All Tokens (Corpus Level): ['Hello', 'Welcome', ',', 'to', 'Prasanna', 'Sundaram', "'s", 'NLP', 'Tutorials', '.', 'Please', 'go', 'through', 'the', 'entire', 'content', '!', 'to', 'become', 'expert', 'in', 'NLP', '.'] 

Sentence 1 Tokens: ['Hello', 'Welcome', ',', 'to', 'Prasanna', 'Sundaram', "'s", 'NLP', 'Tutorials', '.']
Sentence 2 Tokens: ['Please', 'go', 'through', 'the', 'entire', 'content', '!']
Sentence 3 Tokens: ['to', 'become', 'expert', 'in', 'NLP', '.']


In [37]:
# 🔹 Word Tokenization using wordpunct_tokenize
from nltk import wordpunct_tokenize

print("\n🧩 Word Tokenization using wordpunct_tokenize():\n")

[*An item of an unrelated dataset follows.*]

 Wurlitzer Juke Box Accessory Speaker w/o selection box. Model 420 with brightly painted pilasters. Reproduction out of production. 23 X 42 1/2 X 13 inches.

# This splits words on every non-alphanumeric character
# Example: "Sundaram's" -> ['Sundaram', "'", 's']
tokens_punct = wordpunct_tokenize(corpus)
print(tokens_punct)



🧩 Word Tokenization using wordpunct_tokenize():

['Hello', 'Welcome', ',', 'to', 'Prasanna', 'Sundaram', "'", 's', 'NLP', 'Tutorials', '.', 'Please', 'go', 'through', 'the', 'entire', 'content', '!', 'to', 'become', 'expert', 'in', 'NLP', '.']


In [39]:
# 🔹 Word Tokenization using 
# 📝 TreebankWordTokenizer follows Penn Treebank conventions:
# - Splits contractions: "can't" → ['ca', "n't"]
# - Handles ending punctuation carefully
# - Keeps internal punctuation attached unless sentence-ending
# if you check the result fullstop will not treated as sperate word, for the last full stop only it will consider as seperate word
from nltk.tokenize import TreebankWordTokenizer

print("\n🧩 Word Tokenization using TreebankWordTokenizer():\n")

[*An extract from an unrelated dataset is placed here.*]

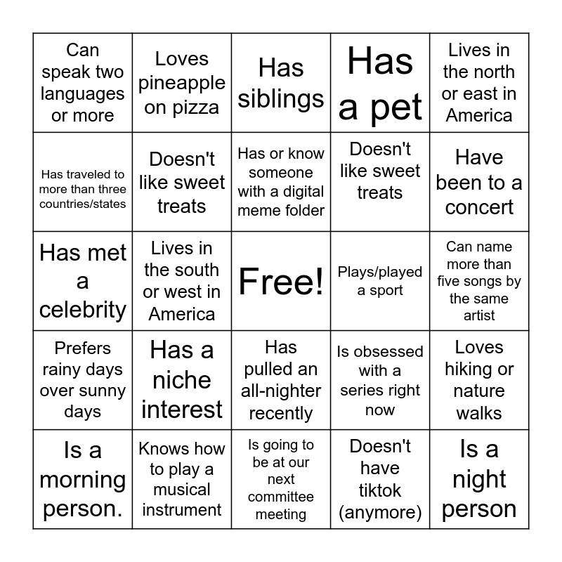 This bingo card has a free space and 24 words: Has a niche interest, Knows how to play a musical instrument, Has or know someone with a digital meme folder, Is a morning person., Lives in the north or east in America, Can speak two languages or more, Has traveled to more than three countries/states, Loves pineapple on pizza, Plays/played a sport, Has pulled an all-nighter recently, Doesn't like sweet treats, Has met a celebrity, Is obsessed with a series right now, Loves hiking or nature walks, Doesn't like sweet treats, Doesn't have tiktok (anymore), Can name more than five songs by the same artist, Has siblings, Have been to a concert, Lives in the south or west in America, Is a night person, Prefers rainy days over sunny days, Has a pet and Is going to be at our next committee meeting.
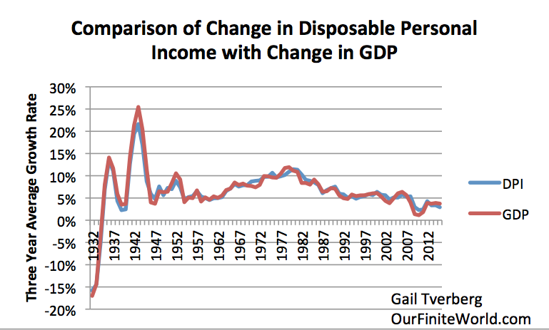 At the same time, the economy seems to have a lot of resilience. Leaders of the US, and perhaps of other countries, as well, seem likely to take the route of adding increasing amounts of debt, to bail themselves out of whatever problems arise. If banks get into trouble, some new funding facility will be developed. If Social Security or private pensions need more funding, it will likely be provided by more government debt. This leads me to suspect that in the US, at least, there is likely to be a higher risk of hyperinflation (lots of money but very little to buy) rather than deflation (very little money, but also very little to buy).

tokenizer = TreebankWordTokenizer()
treebank_tokens = tokenizer.tokenize(corpus)
print(treebank_tokens)



🧩 Word Tokenization using TreebankWordTokenizer():

['Hello', 'Welcome', ',', 'to', 'Prasanna', 'Sundaram', "'s", 'NLP', 'Tutorials.', 'Please', 'go', 'through', 'the', 'entire', 'content', '!', 'to', 'become', 'expert', 'in', 'NLP', '.']

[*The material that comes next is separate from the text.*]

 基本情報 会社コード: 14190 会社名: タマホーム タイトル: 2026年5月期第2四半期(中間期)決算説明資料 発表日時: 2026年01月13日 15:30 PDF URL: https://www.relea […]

## 🧩 Tokenizer Comparison Summary

| Tokenizer | Splitting Behavior | Handles Contractions | Handles Punctuation | Notes |
|:-----------|:------------------:|:--------------------:|:------------------:|:------|
| **`word_tokenize`** | Moderate | ✅ | ✅ | Good default choice |
| **`wordpunct_tokenize`** | Aggressive | ❌ (splits `'s` → `'`, `s`) | ✅✅ | Best for punctuation-heavy text |
| **`TreebankWordTokenizer`** | Linguistically consistent | ✅ | ✅ | Used in research & corpora preprocessing |

---

### 📌 Key Takeaways
✅ Always inspect tokens before using them in downstream tasks.  
✅ Maintain the same tokenizer during both **training** and **inference**.  
✅ Combine tokenization with **lowercasing**, **stopword removal**, and **lemmatization** as preprocessing steps.

---

### 🧮 Mathematical Summary

- **Sentence Tokenization**
  $$
  P \mapsto [S_1, S_2, \dots, S_m]
  $$
- **Word Tokenization**
  $$
  S_i \mapsto [w_{i1}, w_{i2}, \dots, w_{ik}]
  $$
- **Vocabulary Extraction**
  $$
  V = \bigcup_{i=1}^{m} \{ w_{ij} \mid j = 1, 2, \dots, k_i \}
  $$